So the new method would result in a warm start (after initial build) of 250ms for a Pulumi project using azure-native compared to the 1.2s baseline with go run. It's common for users to run several operations that don't result in relinking the binary so these savings can be meaningful.

Affected area/feature

Go language support

t0yv0 avatar Aug 10 '22 20:08 t0yv0

I can't recall what issue I hit but I'm sure I had another reason for wanting to look at using go build instead of run... Will have to rack my brains, but +1 to this idea anyway

Frassle avatar Aug 10 '22 21:08 Frassle

one of the concerns with this is when a directory is not readable as we are outputting a new file.

if a company has a policy for securing docker images by disabling write permissions to directories, they may be unable to upgrade pulumi-language-go without it breaking.

dixler avatar Aug 12 '22 19:08 dixler

if a company has a policy for securing docker images by disabling write permissions to directories, they may be unable to upgrade pulumi-language-go without it breaking.

Isn't tmp always writable, "go run" itself needs to write to a temporary file to work, so I think we can assume that's safe.

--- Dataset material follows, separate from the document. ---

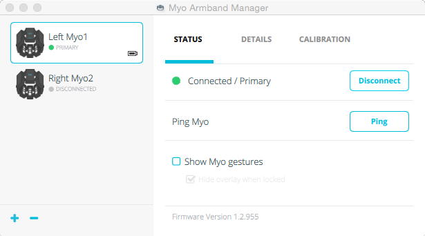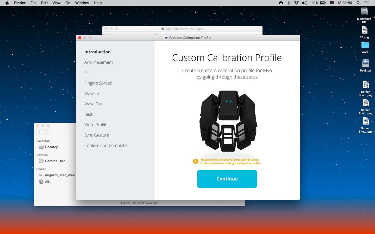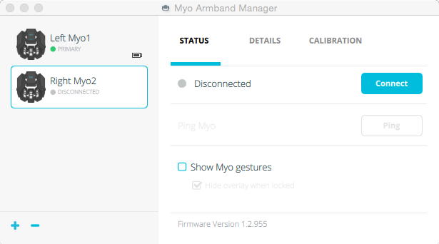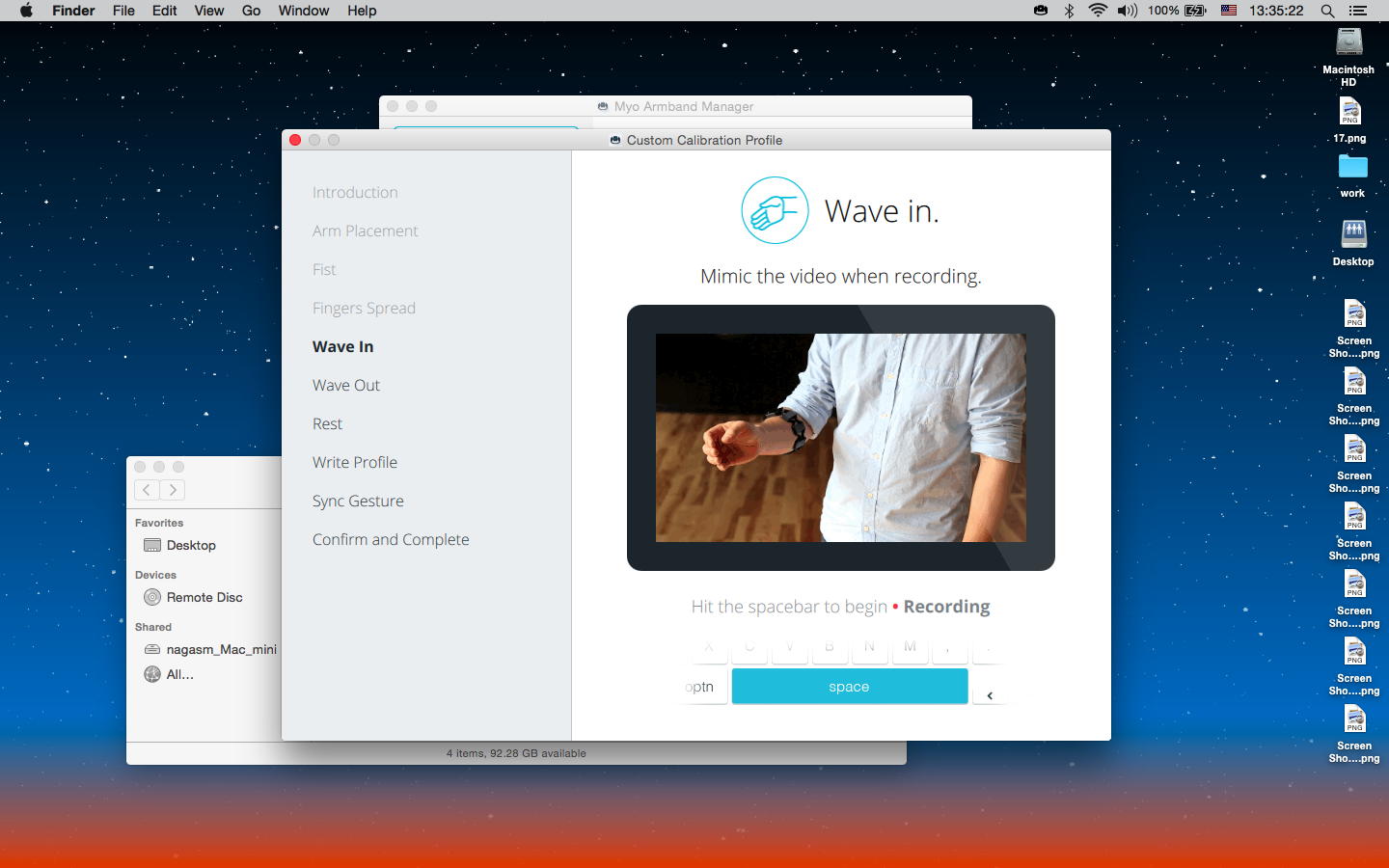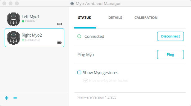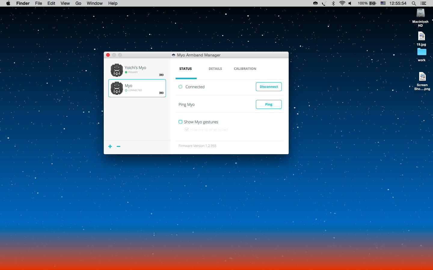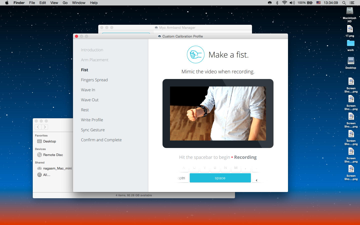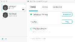 Downloadページ にある、上の「Myo Connect for Mac 0.8.1 (Jan 15, 2015)」というのが、この専用のUSBドングルを経由してMyoと通信するインターフェースになっていて、 Unofficial Tools は全て、基本的にこの「Myo Connect」と通信することでMyoを活用するためのTool群を構成している。 「Myo Connect」は単にMyoと通信するだけでなく、以下のように「CARIBRATION」メニューから画面の指示に従って、「グー」「パー」「手首曲げ」「手首反らし」「脱力」の5ポーズを設定すると、Myoに学習したパターン認識のパラメータを送信して、以降はMyoから筋電センサの生データだけでなく、5種類のポーズ情報を受けとることも出来るようになる。 指定された「2分間」、ベルトを付けて待っていると(OKになると自動でMyoからバイブが来る)、この5ポーズについてはほぼ確実に区別して認識できる。 以下のYouTube動画は、 Myoとleap motionのテスト のものとほぼ同じだが、こちらはちゃんと2分間以上たっていたので、ジェスチャ認識はとても良好である。

Frassle avatar Aug 12 '22 21:08 Frassle

Also there is~/.pulumi, which currently manages plugins. Could be something like ~/.pulumi/go-compiler-cache/$(hash-of-current-folder)

t0yv0 avatar Aug 12 '22 21:08 t0yv0

Could be something like ~/.pulumi/go-compiler-cache/$(hash-of-current-folder)

I had suggested to just use temp (as that's what go run does) but this is also an interesting idea. Might be worth looking into what's need to get build caching from the go compiler?

Frassle avatar Aug 12 '22 21:08 Frassle

The advantage of ~/.pulumi is then we can do pulumi prune command to get rid of that. I don't know when we'd know automatically that it is a good time to delete these binaries; these are not really temp files we know when to delete. In the limit, it can leak temp disk space if we never delete nor provide any means to do so.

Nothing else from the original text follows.